Inside, the air was thicker. The smell of smoke sharpened, almost fresh, as though the fire had never truly died.

Dust motes drifted in the half-light, and for a heartbeat, I saw the past laid over the ruin:

students bowing, the crack of bamboo swords, laughter spilling into the summer air.

My younger brother, Kaito, smirking at me before lunging forward with a strike that nearly took my wrist.

Then it was gone. Only silence remained.

In the center of the dojo lay something I knew at once.

A half-melted blade. My blade. Its once-bright steel twisted and blackened, yet when I knelt and touched it, the metal was cold — and it pulsed faintly, almost as though it remembered me.

"Ren," the maiden said softly. "Do you wish to remember, or to forget?"

I closed my fist around the hilt. "I don't have that choice anymore."

A sound broke the silence.

Faint. Scraping. Irregular.

At first I thought it was the wind dragging debris.

Then it spoke.

"R…en…"

The maiden drew a sharp breath.

Something moved in the shadows at the far end of the dojo. It crawled at first — dragging itself on hands that bent the wrong way. When it rose, its body jerked unnaturally, bones shifting beneath its skin like insects crawling under cloth.

A mask clung crooked to its face — a Kagemura warrior's mask, split down the center. Behind the cracks, two pale eyes glowed.

"Brother…" it rasped.

My blood turned to ice. "Kaito?"

The creature tilted its head. The mask creaked.

Then it laughed — a wet, splintering sound no human throat could make.

"Not yet," it said. "But he waits for you."

The maiden's voice sharpened. "Ren, that is no living thing."

Its presence pressed on my lungs like a weight. The stench of rot rolled off it in waves.

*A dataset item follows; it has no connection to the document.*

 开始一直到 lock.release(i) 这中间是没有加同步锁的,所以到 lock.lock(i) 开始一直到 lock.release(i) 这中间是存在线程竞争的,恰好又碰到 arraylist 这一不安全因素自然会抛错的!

When it stepped forward, the floor cracked beneath its feet.

I drew my sword. The hiss of steel leaving the sheath cut the silence like lightning.

For a moment, we circled one another — hunter and prey, though which was which, I could not tell.

Then it lunged.

The clash was thunder.

Its broken blade met mine in a shower of sparks, the shock biting deep into my arms. Too strong. Stronger than anything dead should be.

"Ren…" it hissed between blows. "You left them to burn…"

The voice was warped — but beneath it, I heard the faint echo of Kaito's tone.

It was enough to shake my hand.

The next strike slipped through my guard. Steel cut into my shoulder, hot pain flaring.

I staggered. The maiden cried out, talismans flaring with light. She hurled them forward — golden seals pinning the creature in place. Smoke hissed from its flesh where the charms clung.

"It's bound by hunger!" she shouted. "A soul forced into a corpse!"

The restraints snapped. The thing howled and came at me again.

I barely parried. Sparks danced against my blade as it forced me back. My shoulder burned — not with pain, but with something deeper.

Something alive.

The Yomi Flame stirred at the edges of my thoughts, whispering.

Not yet… I begged.

But it was already awake.

The next strike came fast. I twisted, parried, and felt the fire surge through my arm.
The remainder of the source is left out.